A while ago, I was thinking about the final movement of Saint-Saëns' Christmas Oratorio, Op. 12. I wrote about this last year, and I even translated the first line of the Latin text:
For the last couple years, I've been slowly working through my Latin textbook from college again, and a couple months ago, I ran into the same verb that starts this movement. In the infinitive form, it's tollere. In Saint-Saëns' Christmas Oratorio, it's a 2nd person plural imperative (tollite), and in the sentence in my Latin textbook, it's a 2nd person singular imperative (tolle). It can be translated a few different ways. My Latin dictionary lists: to lift, raise; to take away, remove; to do away with, abolish, destroy. In the text of the Christmas Oratorio (with hostias [victims or sacrifices] as the direct object), it has the sense of "lift" or "raise."

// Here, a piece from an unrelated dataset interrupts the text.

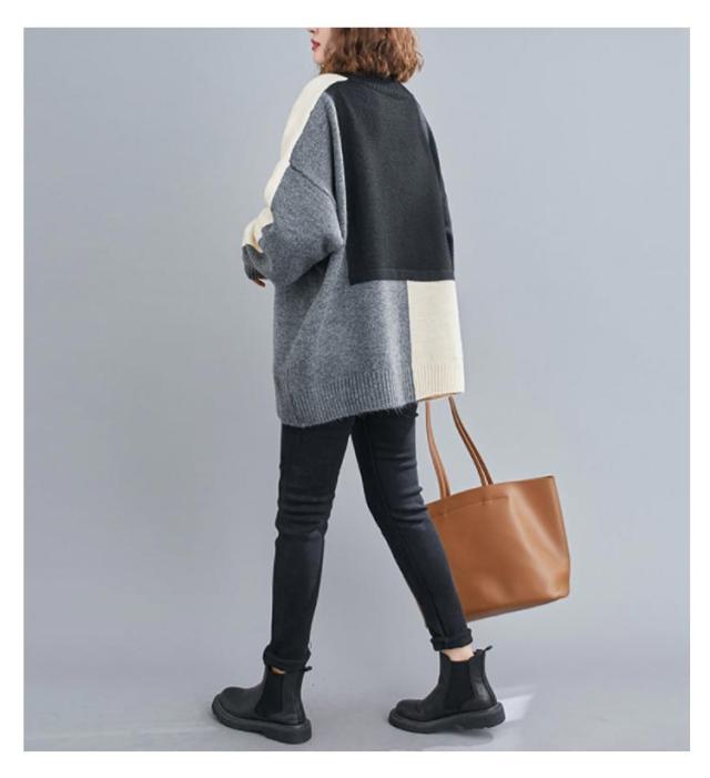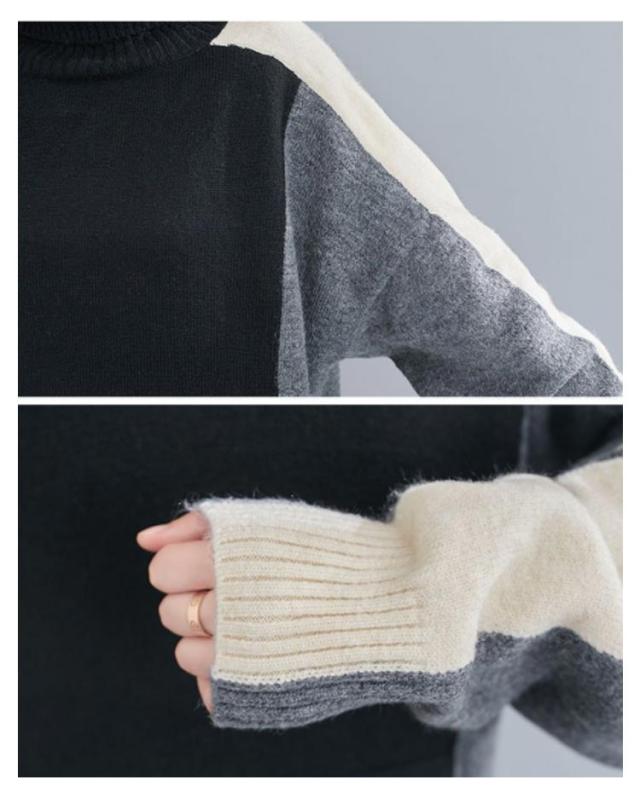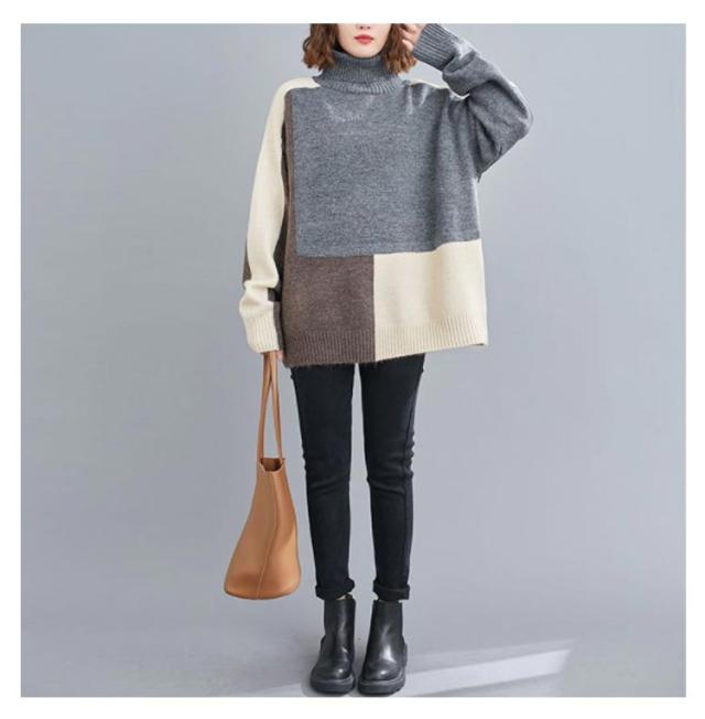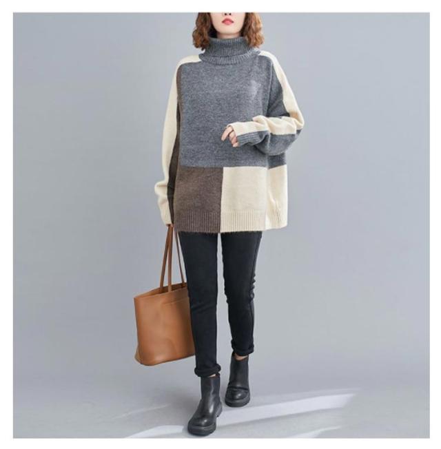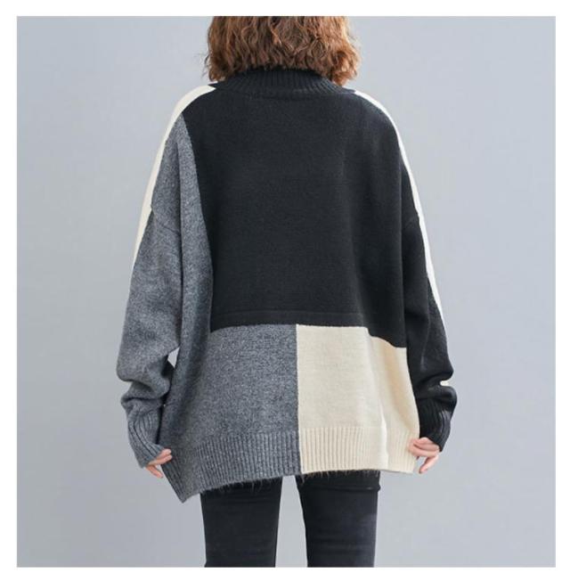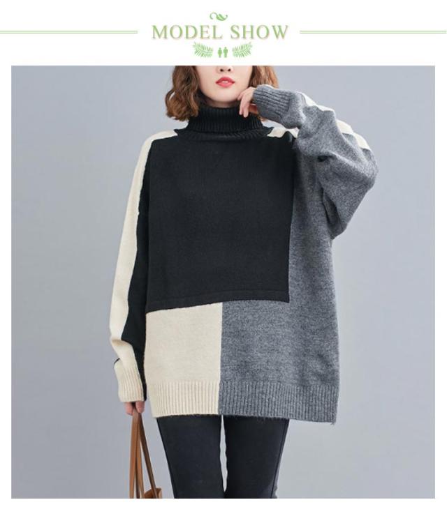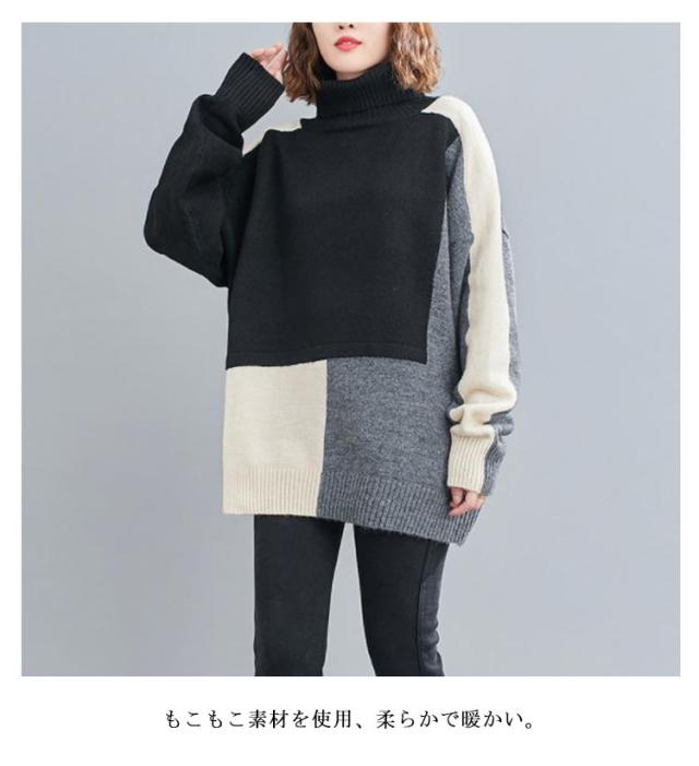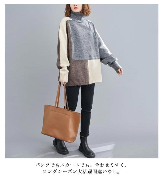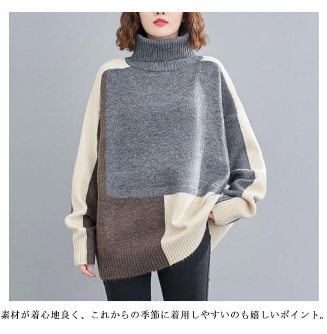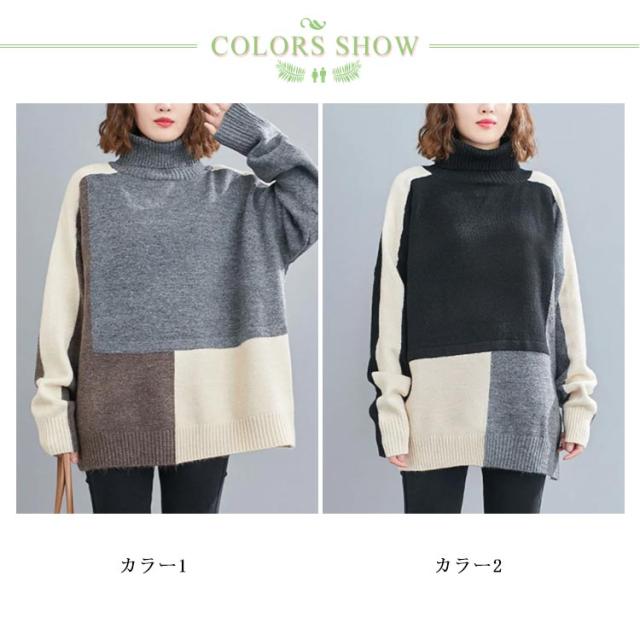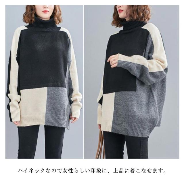 配色 セーター レディース ビッグシルエット ハイネック ニット チュニック ニットセーター トップス 秋冬 長袖 タートルネック ゆったり 大きいサイズ 体型カバー カジュアル M L XL

After running across tollere in my Latin textbook, I realized that "tollite hostias" is musically represented. In the soprano part, there's an interval of a fourth between the notes for "tollite" and the note for the first syllable of "hostias." In the other vocal parts, there are smaller intervals between "tollite" and "hostias," but - for the tenor and bass parts, at least - the word "tollite" itself has an ascending melody:
(notation found here)
After I realized that, I started thinking about the rest of the line ("et adorate Dominum in atrio sancto eius"), and I realized that the melody for "adorate" (the 2nd person plural imperative form of adorare, to worship) generally descends, as if those singing it were bowing before God in their own worship while also calling others to worship.